Researchers find compound that may halt some fibrotic diseases

July 12 (UPI) -- Researchers have discovered why scar tissues in some fibrotic diseases strangle vital organs, and may have identified the trigger and a method of treatment.

In a Northwestern Medicine study, researchers found the trigger of fibrosis in diseases that include diabetic kidney fibrosis, alcoholic liver cirrhosis, hepatitis C, pulmonary fibrosis and nonalcoholic fatty liver disease. The findings were published Thursday in the Journal of Clinical Investigation Insight.

"Our study opens a new door into fibrosis by looking at it as an aberrant innate immune response and suggesting a novel approach to treat it," senior author Dr. John Varga, director of the Northwestern Scleroderma Program and a distinguished professor of rheumatology at Northwestern University Feinberg School of Medicine, said in a press release. "In the U.S., many of these diseases are lifestyle or age dependent. As we get fatter or older, they get worse."

Fibrosis causes an estimated 35 percent to 40 percent of deaths in the world, according to a National Institutes of Health study. Nonalcoholic fatty liver disease may lead to fibrosis of the liver, which is the leading cause of liver transplant.

"There is an emerging direction for treating fibrosis with precision medicine," said Dr. Swati Bhattacharyya, scientific director of the Scleroderma Research Laboratory at Feinberg and first author of the study. "Some people live with fibrotic disease for 30 years while others die in two years. We need to identify the rapid progressors from the slow progressors."

Normally, scar tissue forms to heal an internal wound. Most fibrotic disease starts to repair an injury, "but if the immune system produces too much of an initial scar, it can't go back to normal," Varga said. "You have an unhealed scar that keeps growing and can wipe out the entire organ."
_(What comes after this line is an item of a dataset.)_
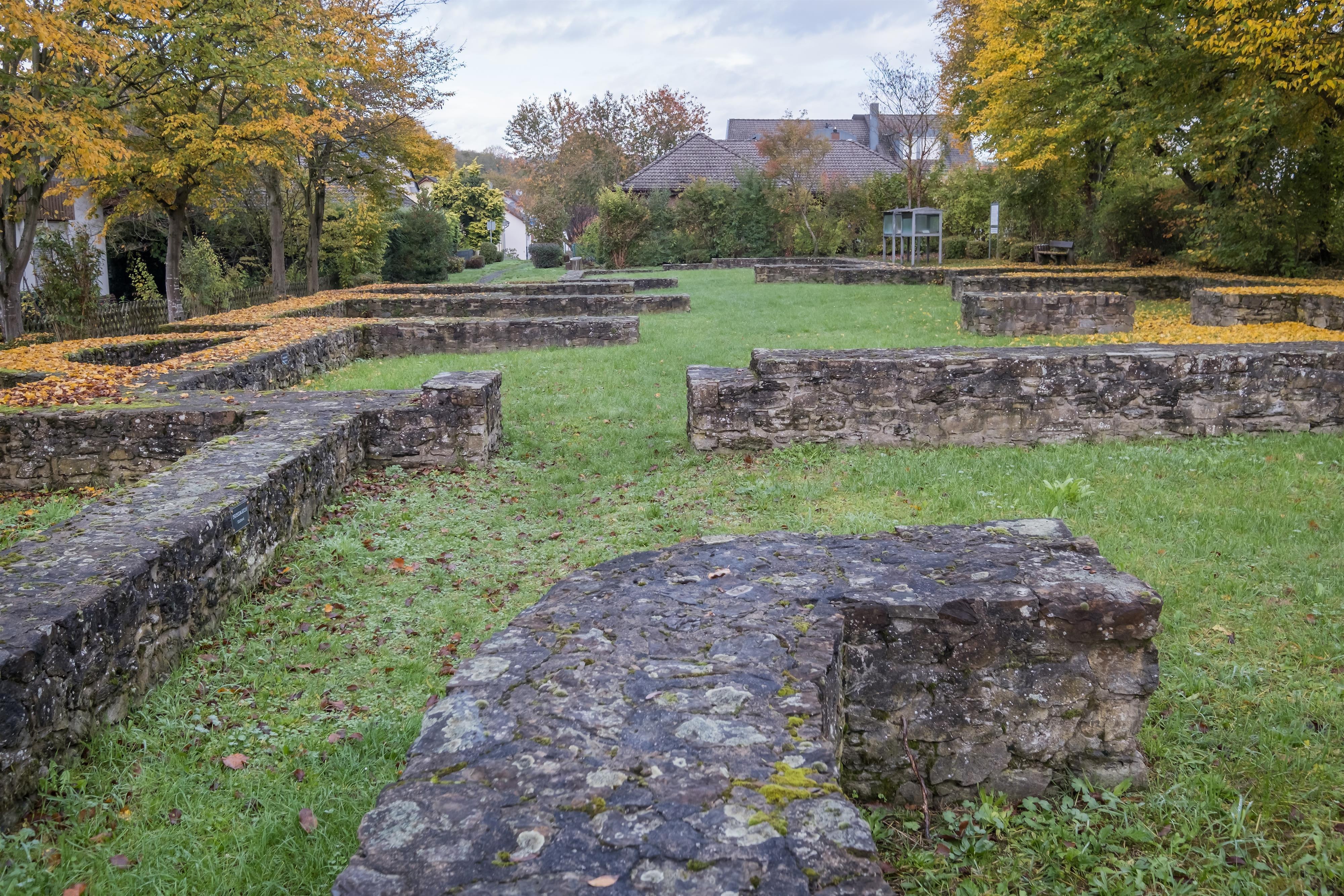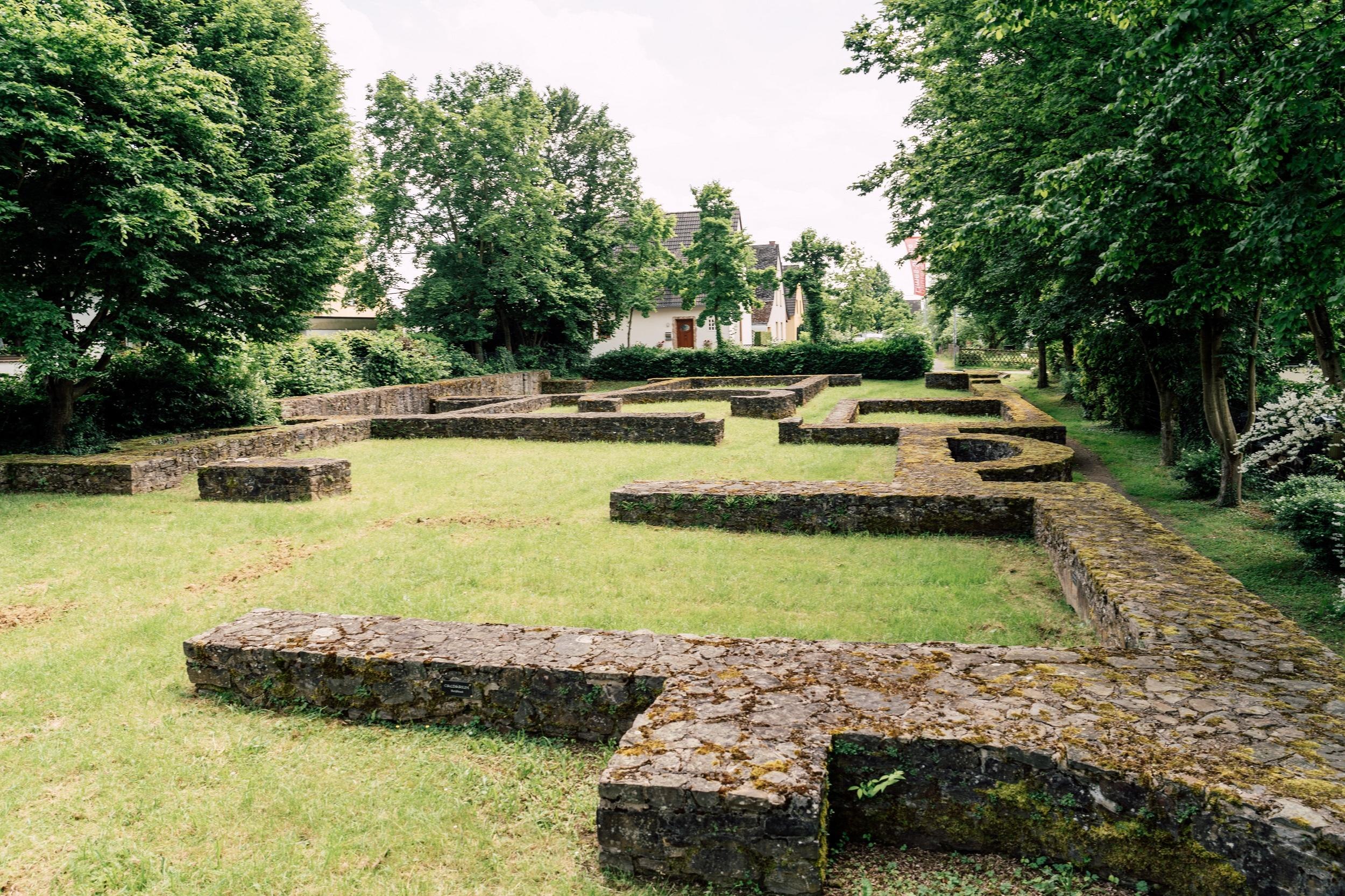 A pesar de la posterior edificación del terreno, los cimientos del enorme baño romano, que estaba ubicado dentro del castillo y no, como era habitual, fuera de la instalación fortificada, están hoy asegurados y ofrecen una impresión de la imponente construcción.

In one subset of human fibrosis cells, delinquent molecules continually worked against an immune receptor to produce scar tissue instead of allowing the scar tissue to go back to sleep.

The Northwestern scientists, working with University of Colorado researchers, used crystallography and computer modeling to find a molecule that could block the receptor and the uncontrolled scarring.

The abnormality was significantly reversed when they tested a molecule, T53, in three different mouse models of fibrosis.

Researchers hope that T53 is eventually developed into an approved drug for those patients with the specific genetic signature. They noted everyone's fibrosis is not caused by the same abnormality.

"The results of this study are encouraging," said Varga, who has spent more than a decade researching the cause and treatment of scleroderma, a type of fibrosis that affects multiple organs at one time. "We are not saying this compound is ready to be a drug. It's an initial compound that would need to be developed and tweaked. It would need significant funding to go to the next step."